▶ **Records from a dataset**
+ + + + + + +

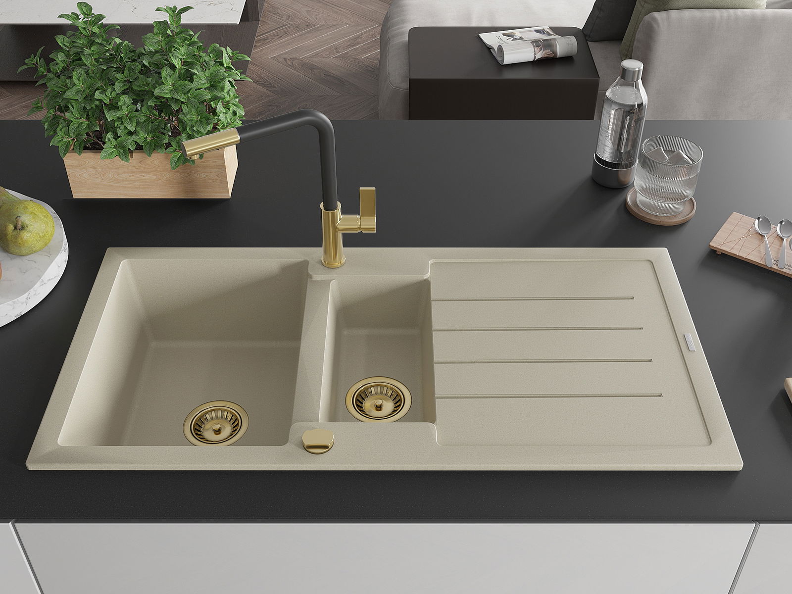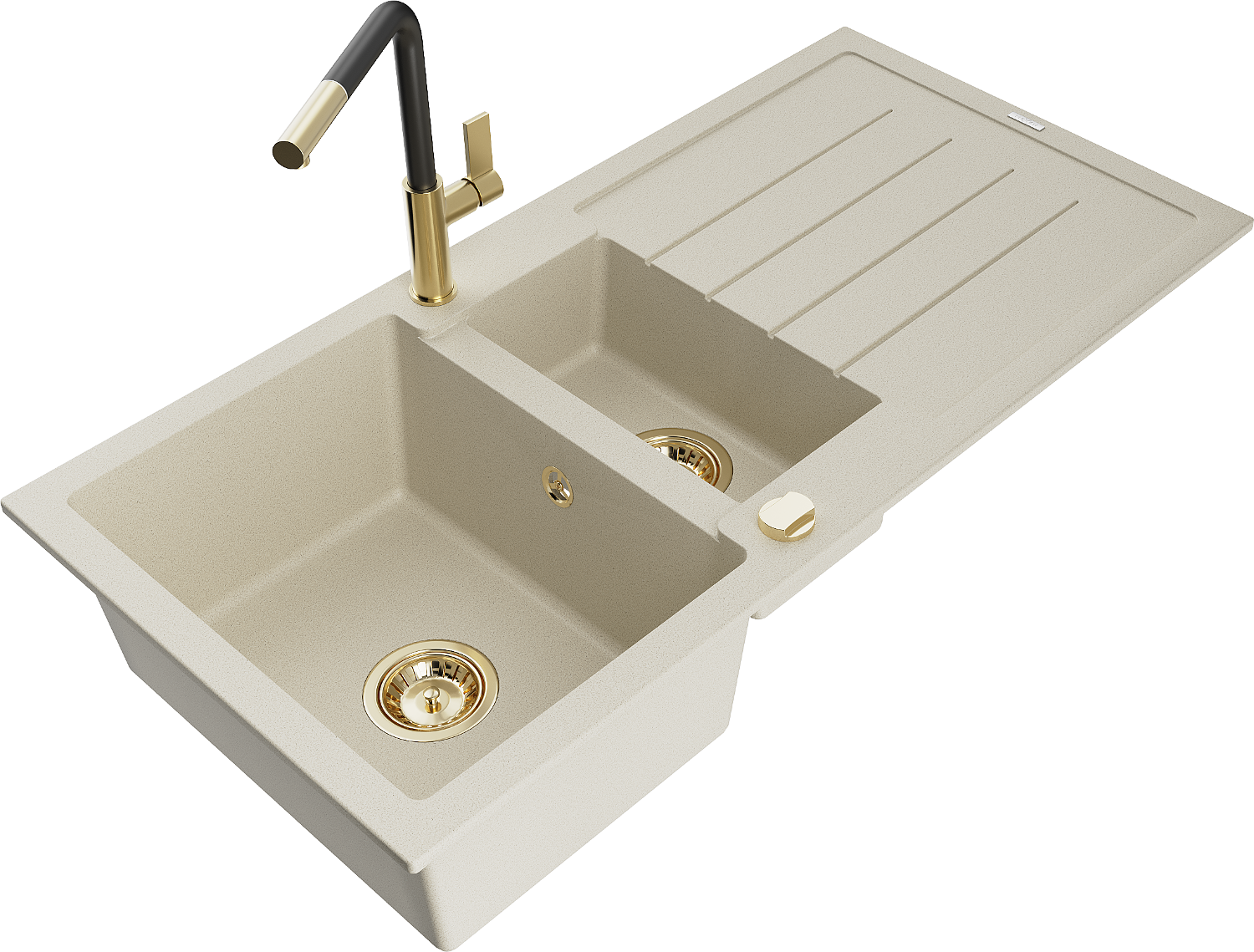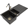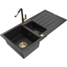 Mexen Andres granitinė 1,5 kamerų virtuvės kriauklė su nusausindama ir Flora maišytuvu, smėlio spalvos
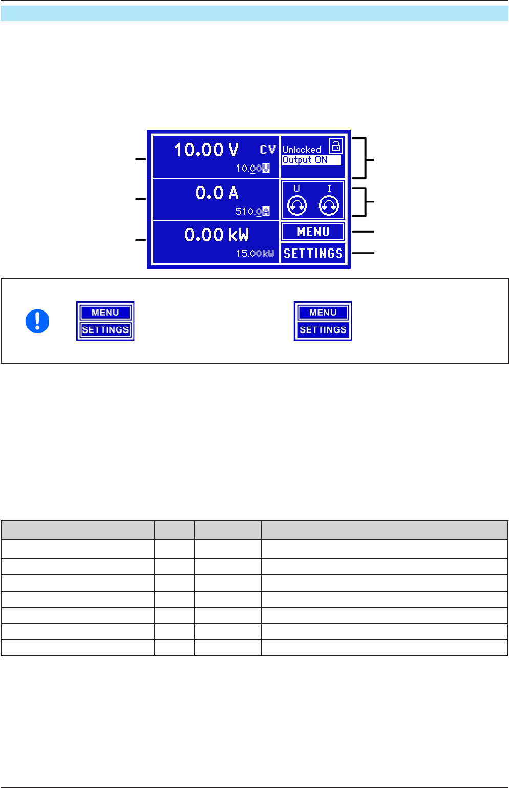 The graphic touchscreen display is divided into a number of areas. The complete display is touch sensitive and
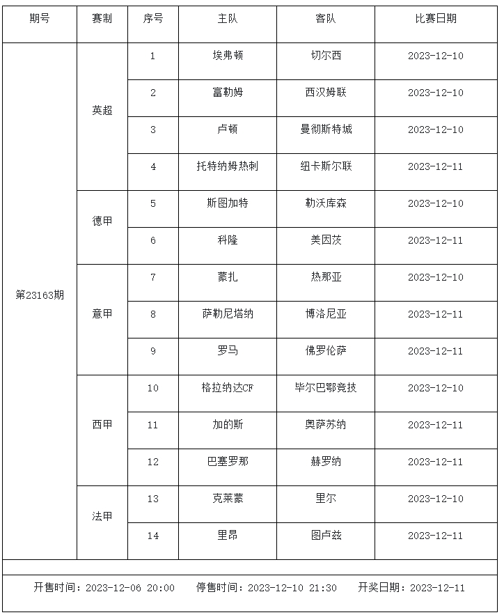 足球彩票胜负游戏(14场和任选9场)第23163期赛程:
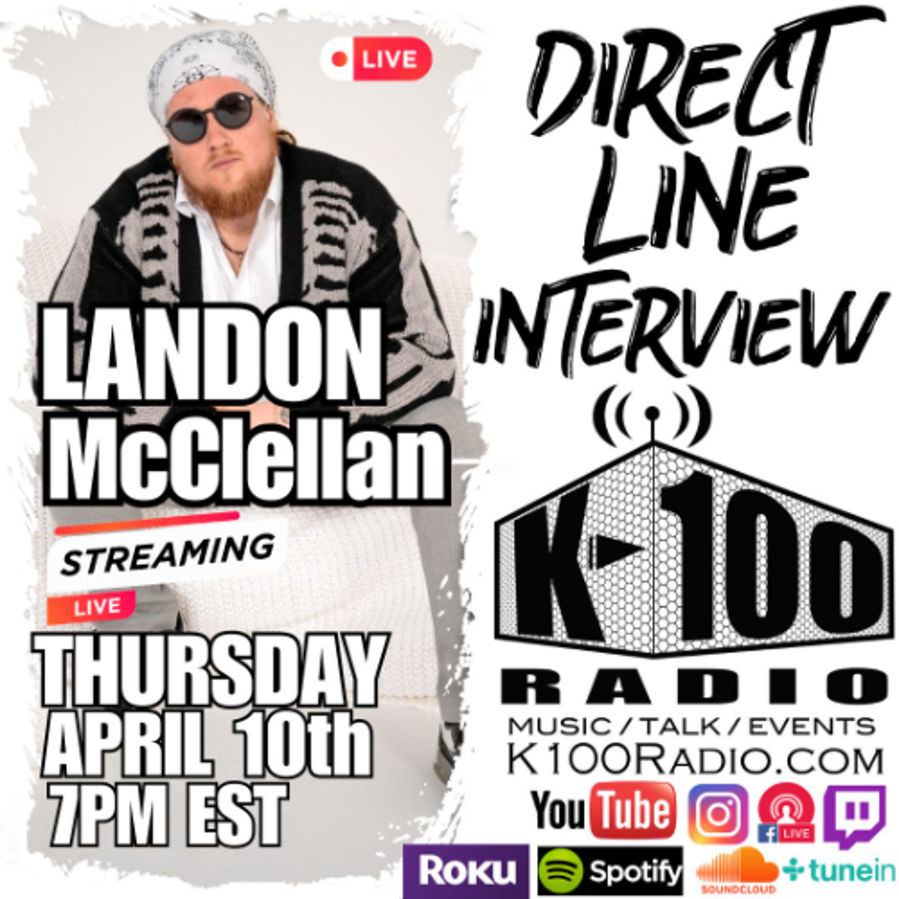 Check out the live Direct Line Interview on K-100 Radio with artist Landon McClellen. Listen in as we talk about his new music, his background and more.
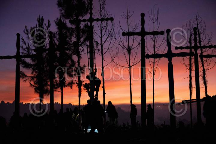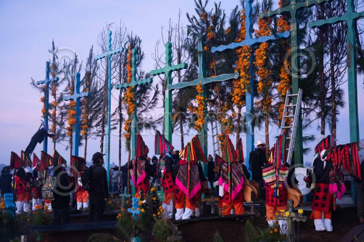 ROMERILLO, SAN CRISTÓBAL DE LAS CASAS, CHIAPAS,01NOVIEMBRE2025.- Pobladores de diferentes parajes que rodean la comunidad acuden al panteón con la juncia y la flor de cempasúchil fresca, cargando los troncos desde muy temprano. La labor consiste en reemplazar los adornos secos de las cruces gigantes que se posan en la parte más alta, una acción clave dentro de la celebración del Día de Todos Santos. FOTO: ISABEL MATEOS HINOJOSA/CUARTOSCURO.COM
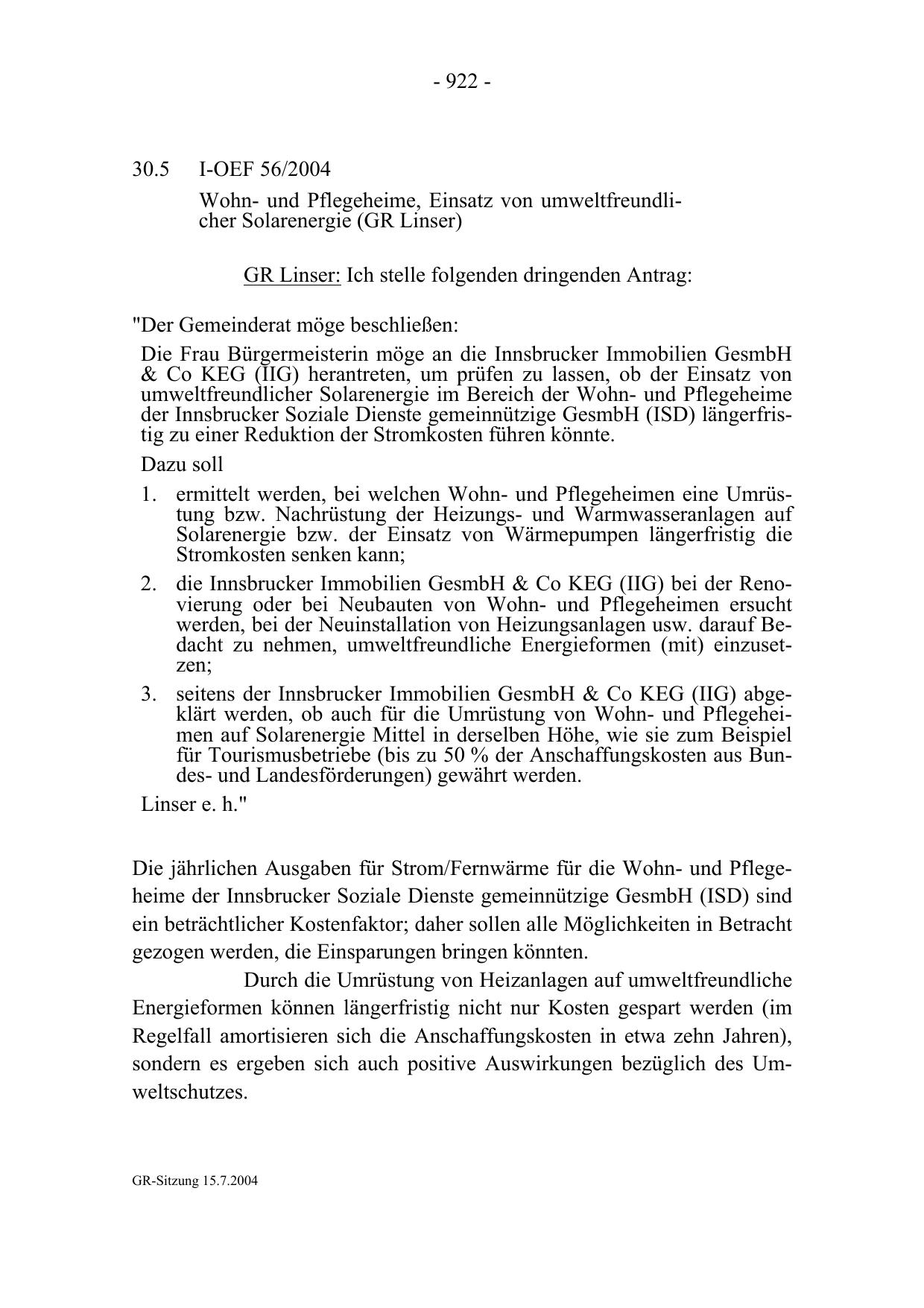 3. seitens der Innsbrucker Immobilien GesmbH & Co KEG (IIG) abgeklärt werden, ob auch für die Umrüstung von Wohn- und Pflegeheimen auf Solarenergie Mittel in derselben Höhe, wie sie zum Beispiel
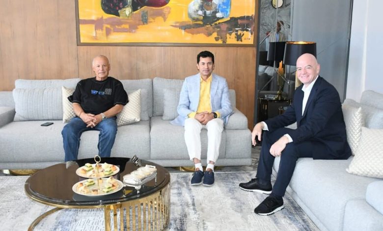 جاء ذلك على هامش لقاء وزير الشباب والرياضة، بالسيد رئيس الاتحاد الدولي لكرة القدم (فيفا)، وذلك بحضور المهندس هاني أبو ريدة، رئيس الاتحاد المصري لكرة القدم.
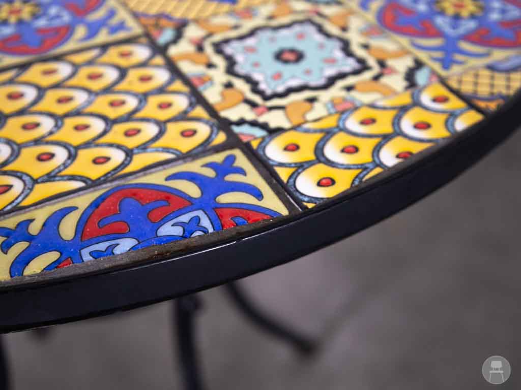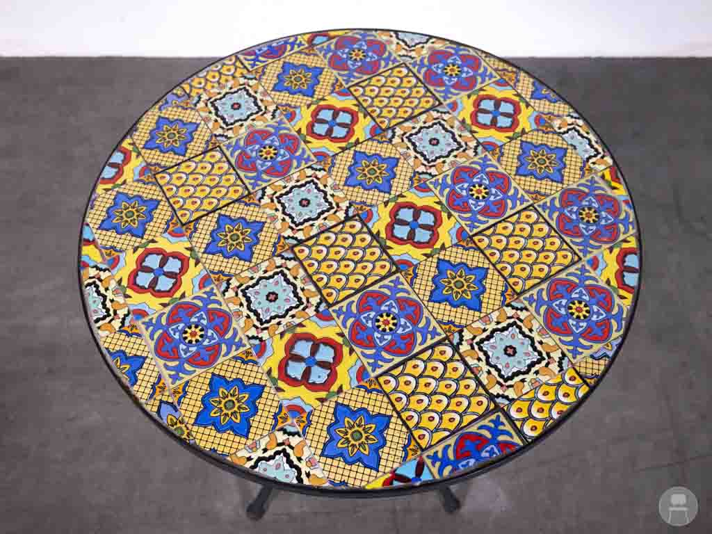 Terrastafel Monique mozaïek 70cm rond brengt direct kleur en karakter naar elk terras of horecagelegenheid. Het ronde tafelblad van 70 cm is voorzien van een opvallend en kleurrijk mozaïekpatroon, geïnspireerd op mediterrane tegelmotieven. Een echte blikvanger die perfect past bij een levendige, sfeervolle buitenomgeving.
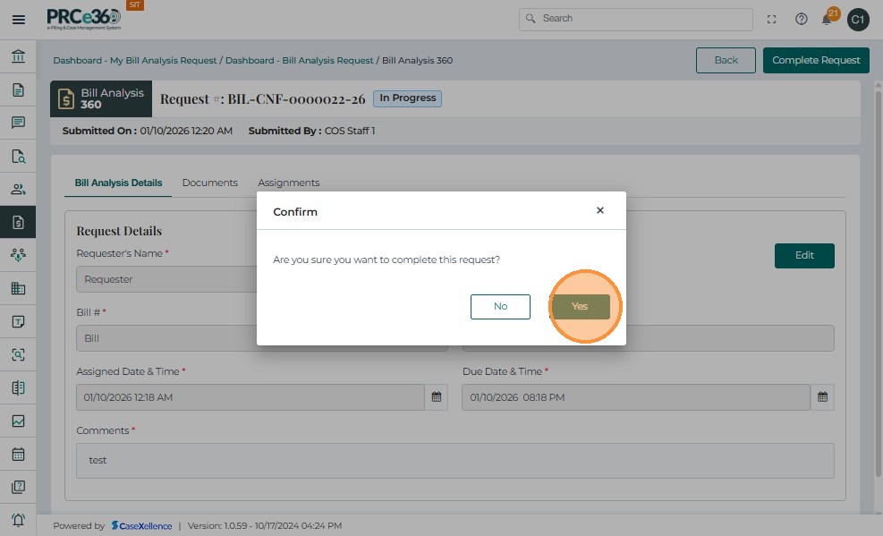 Once the assigned staff has completed the bill analysis and the final document has been reviewed, the COS Supervisor or COS Staff can close the request to mark it as completed in the system.
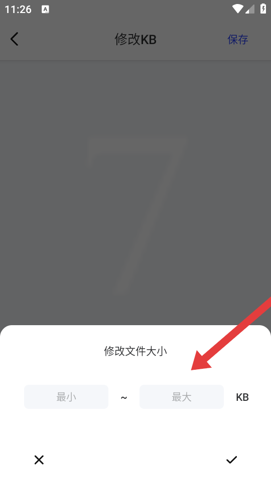 4、在大小设置弹窗中,输入KB数值范围后,点击右下角确认,完成像素大小修改。

+ + + + + + +

▶ **TASK OBJECTIVE**
Would you output the lines above from the line holding "ROMERILLO, SAN CRISTÓBAL" up to and including the line holding "Terrastafel Monique mozaïek", exactly and only those, with no pictures?

▶ **TASK OUTPUT**
 ROMERILLO, SAN CRISTÓBAL DE LAS CASAS, CHIAPAS,01NOVIEMBRE2025.- Pobladores de diferentes parajes que rodean la comunidad acuden al panteón con la juncia y la flor de cempasúchil fresca, cargando los troncos desde muy temprano. La labor consiste en reemplazar los adornos secos de las cruces gigantes que se posan en la parte más alta, una acción clave dentro de la celebración del Día de Todos Santos. FOTO: ISABEL MATEOS HINOJOSA/CUARTOSCURO.COM
 3. seitens der Innsbrucker Immobilien GesmbH & Co KEG (IIG) abgeklärt werden, ob auch für die Umrüstung von Wohn- und Pflegeheimen auf Solarenergie Mittel in derselben Höhe, wie sie zum Beispiel
 جاء ذلك على هامش لقاء وزير الشباب والرياضة، بالسيد رئيس الاتحاد الدولي لكرة القدم (فيفا)، وذلك بحضور المهندس هاني أبو ريدة، رئيس الاتحاد المصري لكرة القدم.
 Terrastafel Monique mozaïek 70cm rond brengt direct kleur en karakter naar elk terras of horecagelegenheid. Het ronde tafelblad van 70 cm is voorzien van een opvallend en kleurrijk mozaïekpatroon, geïnspireerd op mediterrane tegelmotieven. Een echte blikvanger die perfect past bij een levendige, sfeervolle buitenomgeving.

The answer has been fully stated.